High Court to Weigh Future of FCC’s Internet Access Fund Amid Constitutional Clash

The U.S. Supreme Court is stepping into a high-stakes legal showdown that could shake the foundations of how America keeps its rural and low-income communities connected.

At the center of the storm is the Federal Communications Commission’s Universal Service Fund — a $9 billion-a-year initiative that’s been powering broadband and phone access for underserved groups for nearly three decades. But now, the fund’s very existence is under constitutional fire.

The core argument? Critics say the FCC has been operating beyond its bounds, acting like a tax-collecting body without Congressional oversight. And the justices are about to decide whether that’s a bridge too far.

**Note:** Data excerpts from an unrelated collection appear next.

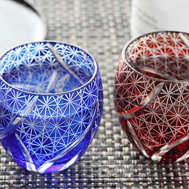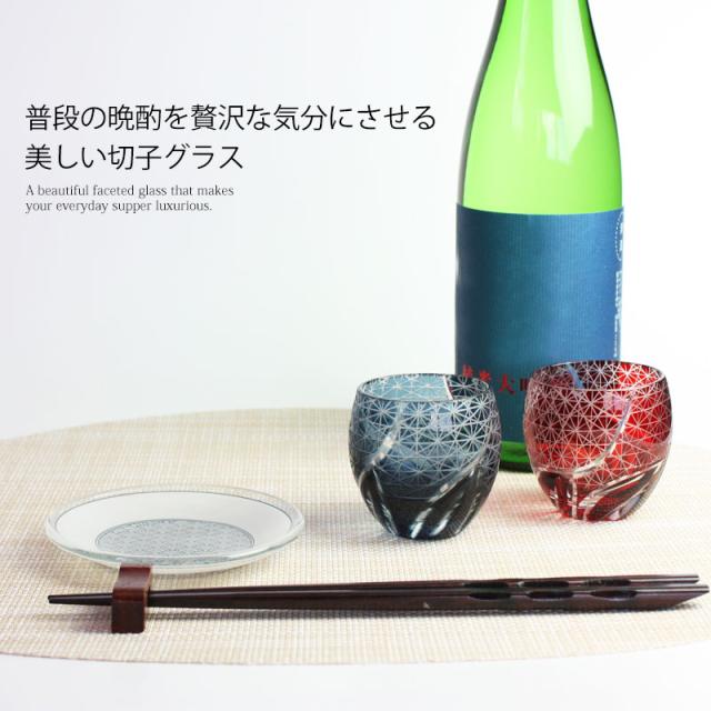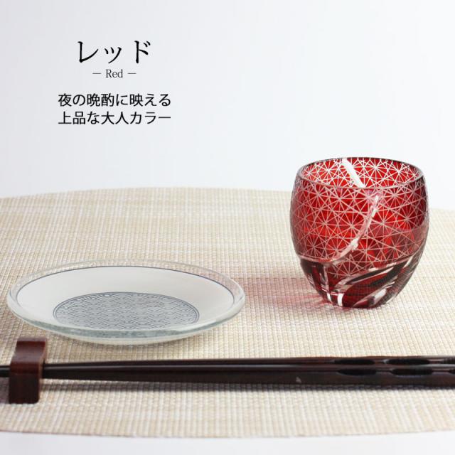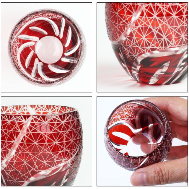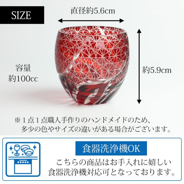 材質 硝子切子 ぐい呑み レッド 切子グラス お猪口 ぐい飲み盃 おちょこ キリコ おしゃれ 菊つなぎ 食洗機対応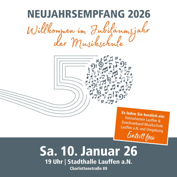 Gemeinsam mit dem Heimatverein Lauffen e. V. möchten wir Sie zum Start in unser Jubiläumsjahr am 10. Januar um 19 Uhr in die Stadthalle Lauffen einladen. Neben abwechslungsreichen musikalischen Darbietungen erwarten Sie unter anderem interessante Fakten zur Geschichte unseres Musikschulgebäudes, ein fotografischer Rückblick auf 50 Jahre Musikschule, kleine Überraschungen und selbstverständlich ein Getränk zum Anstoßen. Der Eintritt ist frei und wir freuen uns auf zahlreiche Gäste!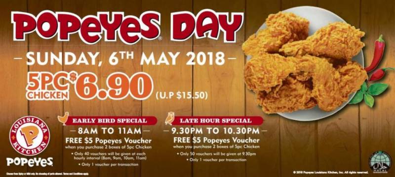 1.Popeyes Day强势来袭,5pc炸鸡只要6块9!还有限时Voucher可以领哦~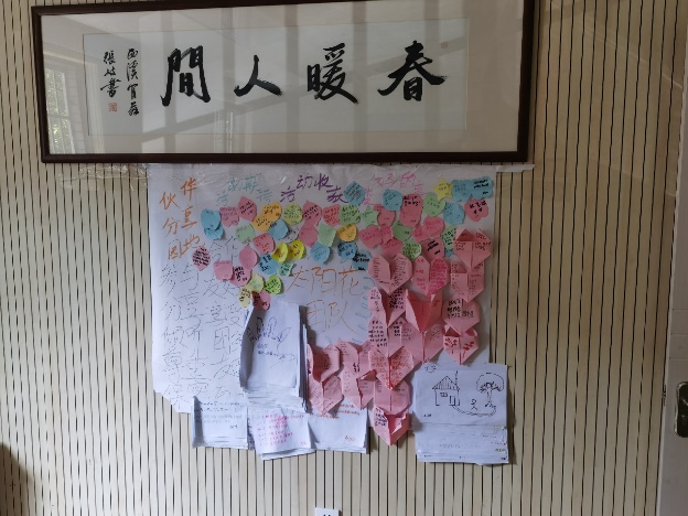 感悟志愿,倾听诉说。在活动开始前,基地负责人带领志愿者参观了实践基地,与在古荡工疗站服务的老人们进行了亲切的交流。志愿者们参观了往期志愿活动心得展示墙,深深感受到了古荡工疗站浓厚的服务奉献精神。之后,志愿者们前往老人们的工作区,与老人们唠家常,倾听他们当年的故事。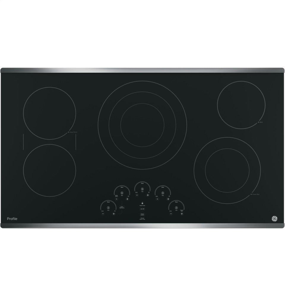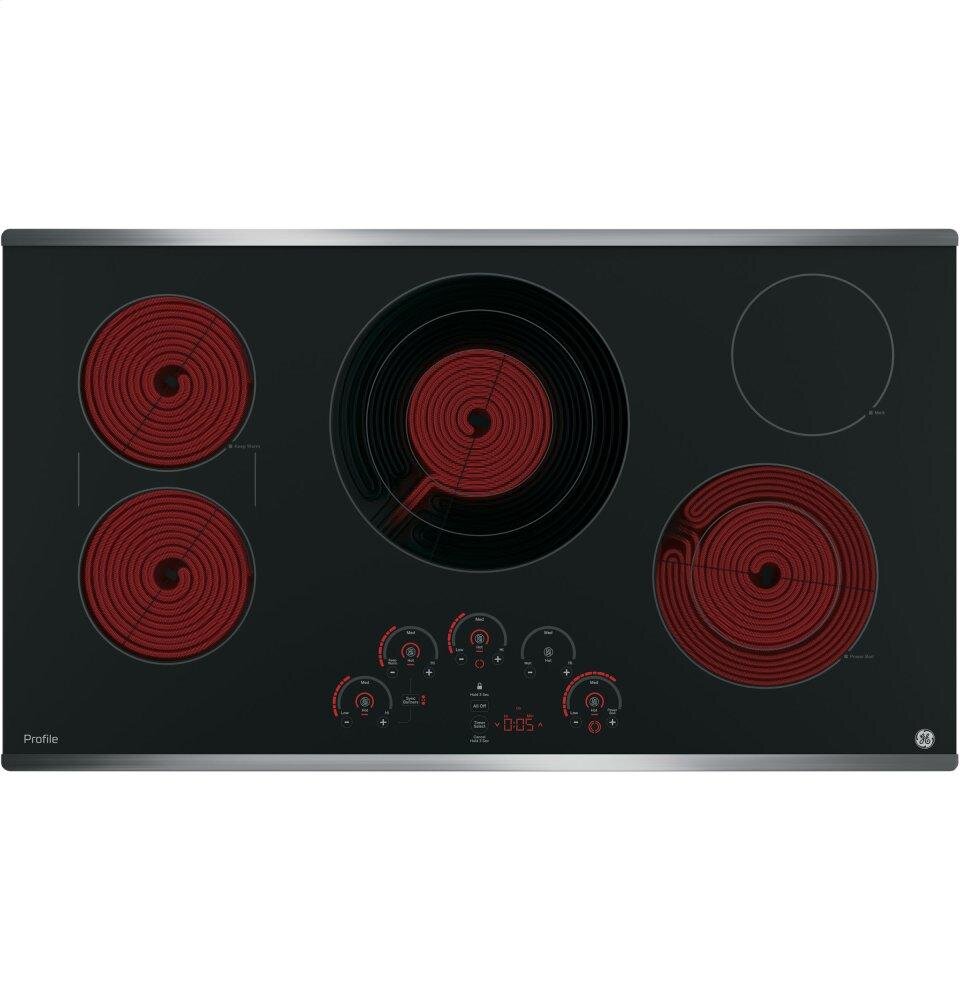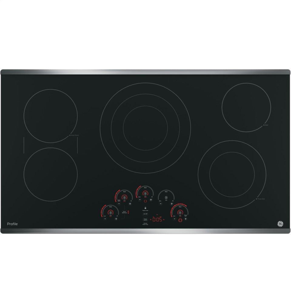 GE Profile™ Series 36" built-in cooktop. This cooktop features five radiant cooking elements, glide touch controls, and a multi-element timer offering custom settings to personalize your cooktop settings to fit your cooking style.

The case stems from a 2024 decision by the 5th U.S. Circuit Court of Appeals, where a sharply divided bench ruled the funding mechanism unconstitutional. The ruling didn’t pinpoint a single violation but instead condemned what it called a dangerous cocktail: an overly broad delegation of power by Congress to the FCC, followed by an improper handoff of authority to a private company.

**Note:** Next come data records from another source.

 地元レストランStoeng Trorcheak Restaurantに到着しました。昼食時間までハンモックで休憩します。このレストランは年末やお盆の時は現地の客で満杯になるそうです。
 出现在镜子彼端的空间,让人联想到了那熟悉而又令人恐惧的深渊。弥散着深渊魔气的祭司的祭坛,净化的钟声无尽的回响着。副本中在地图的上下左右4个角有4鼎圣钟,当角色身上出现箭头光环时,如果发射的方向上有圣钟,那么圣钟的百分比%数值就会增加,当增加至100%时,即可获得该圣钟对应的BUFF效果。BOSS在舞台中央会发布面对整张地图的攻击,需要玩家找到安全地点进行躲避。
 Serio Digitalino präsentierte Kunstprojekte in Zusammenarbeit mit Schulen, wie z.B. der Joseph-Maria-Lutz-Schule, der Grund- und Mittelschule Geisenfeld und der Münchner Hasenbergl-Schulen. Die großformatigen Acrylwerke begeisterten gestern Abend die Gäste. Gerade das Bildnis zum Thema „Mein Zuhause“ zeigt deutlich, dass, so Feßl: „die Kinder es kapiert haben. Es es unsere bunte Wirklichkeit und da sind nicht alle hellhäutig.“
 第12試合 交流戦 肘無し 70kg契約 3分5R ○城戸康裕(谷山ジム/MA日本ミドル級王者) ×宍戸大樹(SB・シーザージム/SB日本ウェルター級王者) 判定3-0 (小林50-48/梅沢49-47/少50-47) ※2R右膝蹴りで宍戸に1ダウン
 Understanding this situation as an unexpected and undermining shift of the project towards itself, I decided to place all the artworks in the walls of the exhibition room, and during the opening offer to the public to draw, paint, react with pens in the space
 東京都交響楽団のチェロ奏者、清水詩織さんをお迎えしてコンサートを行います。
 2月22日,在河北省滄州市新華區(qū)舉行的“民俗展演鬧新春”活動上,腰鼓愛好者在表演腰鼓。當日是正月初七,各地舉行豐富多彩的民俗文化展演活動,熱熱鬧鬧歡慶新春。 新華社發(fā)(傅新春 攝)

That private entity — the Universal Service Administrative Company — collects payments from telecom giants and distributes the funds to schools, libraries, tribal lands, and low-income users. Opponents, including conservative watchdog Consumers’ Research and a small telecom carrier, claim the FCC gave USAC far too much power, letting it shape funding formulas and collection strategies with minimal oversight.

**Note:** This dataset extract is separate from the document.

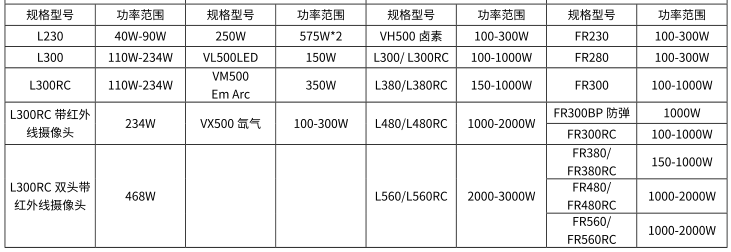 | FR480/FR480RC | 100W-2000W | 643m-2.03km |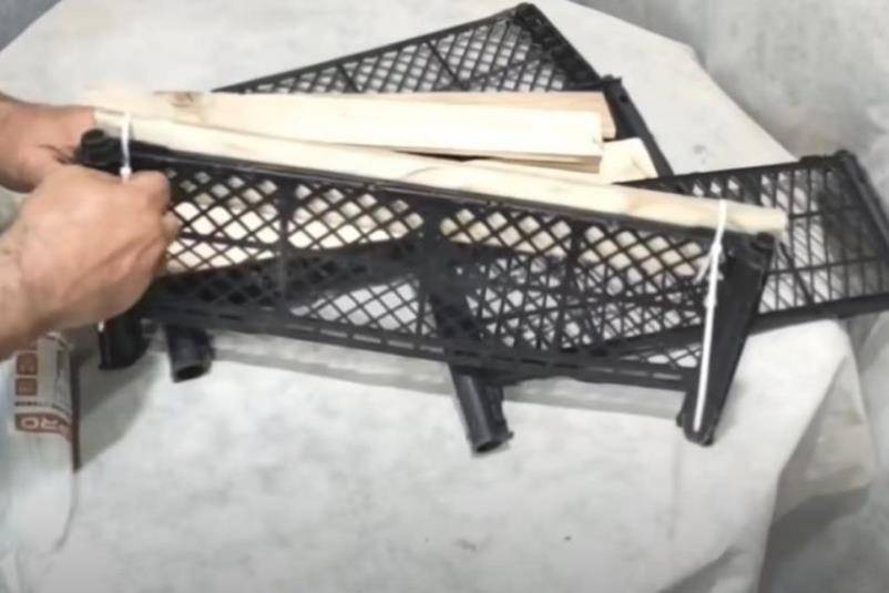 Закрепляем дощечки на решетке ящика с помощью пластиковых стяжек. Узлы хомутов размещаем на внутренней стороне ограждения.

Their argument is rooted in the “non-delegation doctrine,” a dusty but potent constitutional principle that says Congress can’t just toss its lawmaking power to other entities — especially not to unelected regulators or private corporations.

The FCC, in turn, insists that it has stayed within the lines Congress drew back in 1996 when the Telecommunications Act was passed. According to the agency, it hasn’t handed over the reins of governmental power to USAC but simply relies on it for technical administration.

This is more than a bureaucratic battle. A ruling against the FCC could ripple across other federal agencies, especially in a legal climate where the Court has grown increasingly skeptical of regulatory overreach. With a 6-3 conservative tilt, the justices have already trimmed the wings of several federal bodies in recent years — though the non-delegation doctrine itself has yet to make a major comeback.

All eyes are now on the Court as it hears arguments this week. A decision is expected by the end of June — one that could either reaffirm the federal government’s role in bridging the digital divide or force a dramatic rethinking of how that mission is funded.